Why Now Is The Time To Buy A Business

There couldn't be a worse time to sell a business, but that makes it a good time to buy a business.

Business owners who have survived the recession are bummed out, burned out, and stressed out. They know it's not the best time to sell, and their business may not actually be listed, but if someone offered to put them out of their misery, they'd jump at the chance.

It's a buyers' market, to be sure. Why? Because:

  1. Prices are low;
  2. In terms of profits, there’s nowhere to go but up, and;
  3. Financing is more available than you may think.

Why are Prices Low?

Small businesses typically sell for a multiple of either historical cash flow or earnings before interest, taxes, depreciation, and amortization (EBITA). For most businesses, the last three years don't paint a very good picture.

Take the neighborhood beauty salon for example. Before the recession, its average EBITA may have been $100,000 a year. Since salons typically sell for three to five times EBITA, that would translate into a selling price of $300,000 to $500,000. But luxury consumer purchases such as professional hair coloring and coifing are the first to go down the drain a weak economy. For those who've survived, it's likely been a close shave — bad news for them, but good news for a prospective buyer. For every dollar their EBITA went down, the sale price of their business has fallen three or five times more.

If you can prove to yourself that a company’s demise is primarily the result of the recession, its misfortune may be your fortune-in-waiting.

Nowhere to Go but Up

Some would see the glass half empty. An entrepreneur would see it as a glass that’s ready to be filled. Think, "ground floor opportunity.” Buying now puts you in a position to ride the upswing, when it comes.

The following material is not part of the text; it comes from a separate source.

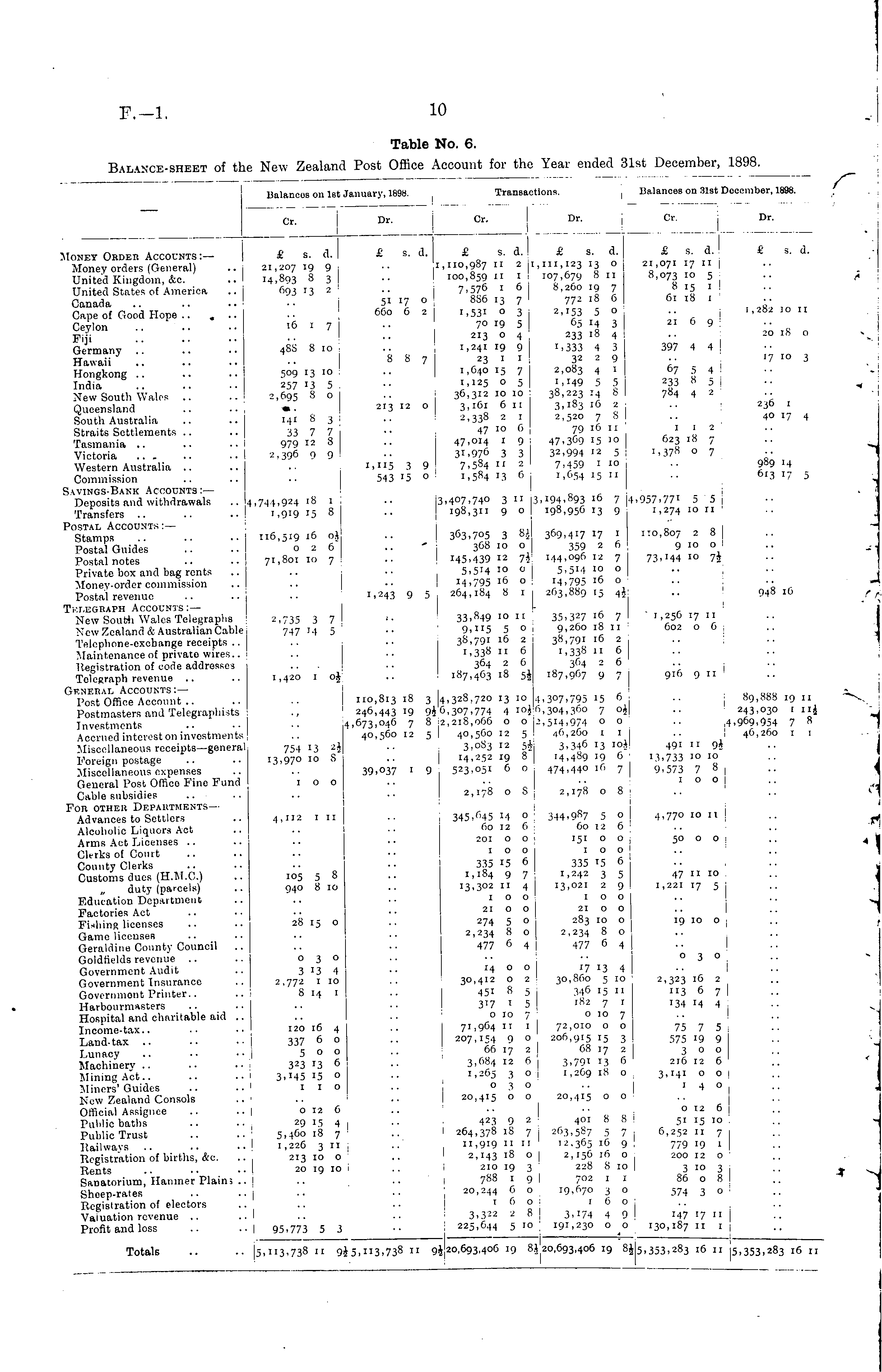 Table No. 6. Balance-sheet of the New Zealand Post Office Account for the Year ended 31st December, 1898.

Unless something fundamental has changed, such as a popular salon chain moved in across the street, you should be able to look at a company’s pre-recession performance and have a reasonable expectation that it will return to that level when the economy improves.

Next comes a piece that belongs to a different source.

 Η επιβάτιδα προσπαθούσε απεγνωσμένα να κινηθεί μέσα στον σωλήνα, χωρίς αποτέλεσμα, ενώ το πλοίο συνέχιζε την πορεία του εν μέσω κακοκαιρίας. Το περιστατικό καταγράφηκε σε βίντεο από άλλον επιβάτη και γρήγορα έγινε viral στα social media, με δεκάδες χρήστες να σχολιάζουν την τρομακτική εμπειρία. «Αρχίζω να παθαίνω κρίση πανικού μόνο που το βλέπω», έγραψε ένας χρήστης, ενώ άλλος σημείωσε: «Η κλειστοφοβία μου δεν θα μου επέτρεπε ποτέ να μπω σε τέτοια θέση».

The fact that the business has survived at all says a lot for its staying power.

Financing is Available

You’ve no doubt heard that business financing is impossible these days, but the truth is banks do want to lend and investors do want to invest. After all, that’s how they make money. The SBA is particularly eager to help foster economic recovery within the small business sector.

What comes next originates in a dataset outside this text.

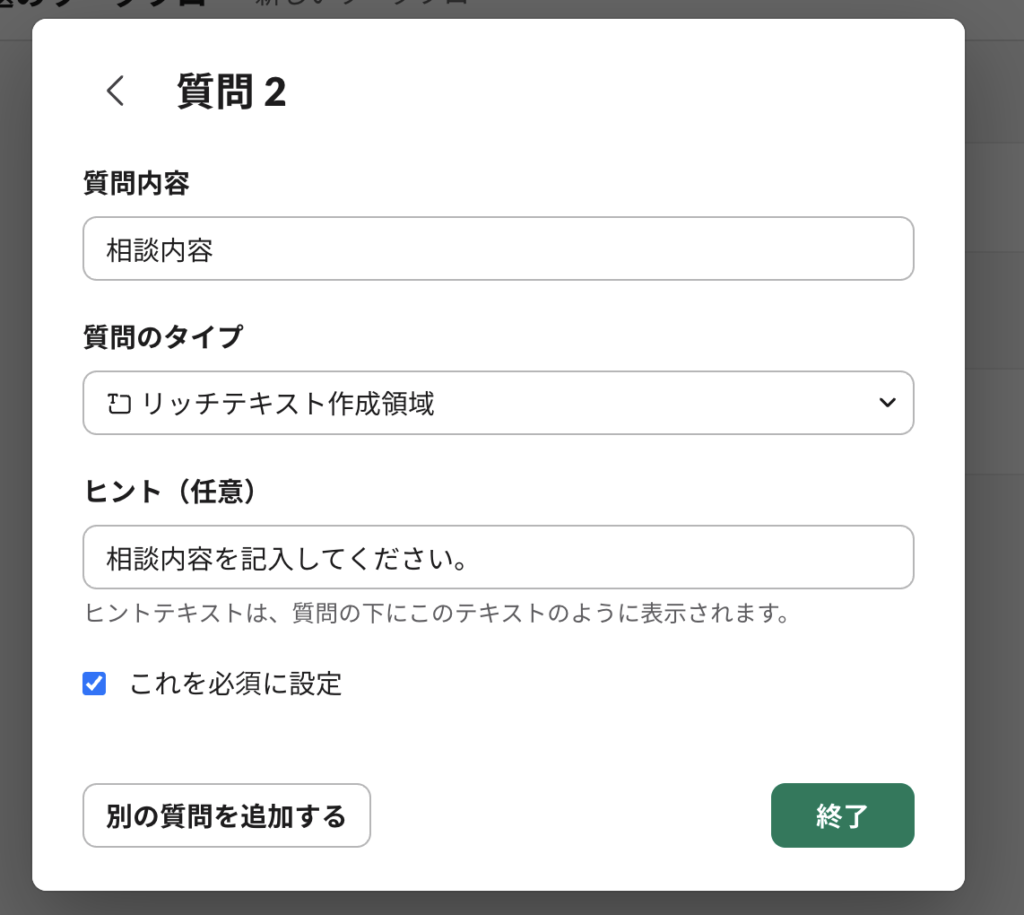 カテゴリの次は、「相談内容」の項目を作成する。

There’s also the fact that buying a business is generally considered less risky than starting one.

If you can convince a financier that the business is intrinsically solid, they’ll be eager to be a part of the deal. To do that, you’ll want to create a proposal that, in addition to all the standard elements, includes:

  • A summary of the company’s performance for two or three years prior to the recession along with actual financial statements or tax returns that validate the summary numbers.
  • Data that shows this company’s demise is typical of the rest of the industry. Professional associations and IRS industry statistics are good sources of this information. With the IRS data you can chart how the industry performed during and after the to the last recession. (see Ten Free Sources of Industry Financial Data)
  • Any indications of improvement in the business or industry such as month over month or year over year sales increase.
  • Any evidence that your expenses are likely to be lower than the existing owner’s were, either before the recession or now. Perhaps they were an absentee owner and you’re going to be hands-on. Or maybe the existing owner has recently negotiated better lease terms.
  • A roundup of local closures of similar businesses over the last few years. This will show a lender or investor two things. First, that this salon fared better than others and is therefore proven that it has some basic advantage (i.e. location, customer loyalty, brand recognition, etc.). And second, that as the economy recovers, the business will face less competition.
  • Two years of cash flow projections with detailed assumptions. Lenders and investors always want to see projections, but they’ll but they’ll be particularly important if the venture you’re purchasing does not show historical cash flow sufficient to cover the proposed financing.
  • A good story about your qualifications and how you plan to shepherd the business back to profitability.

And if running a hair salon isn't your thing, there's bound to be something else available that is. There's no time like the present to make the most of the opportunity.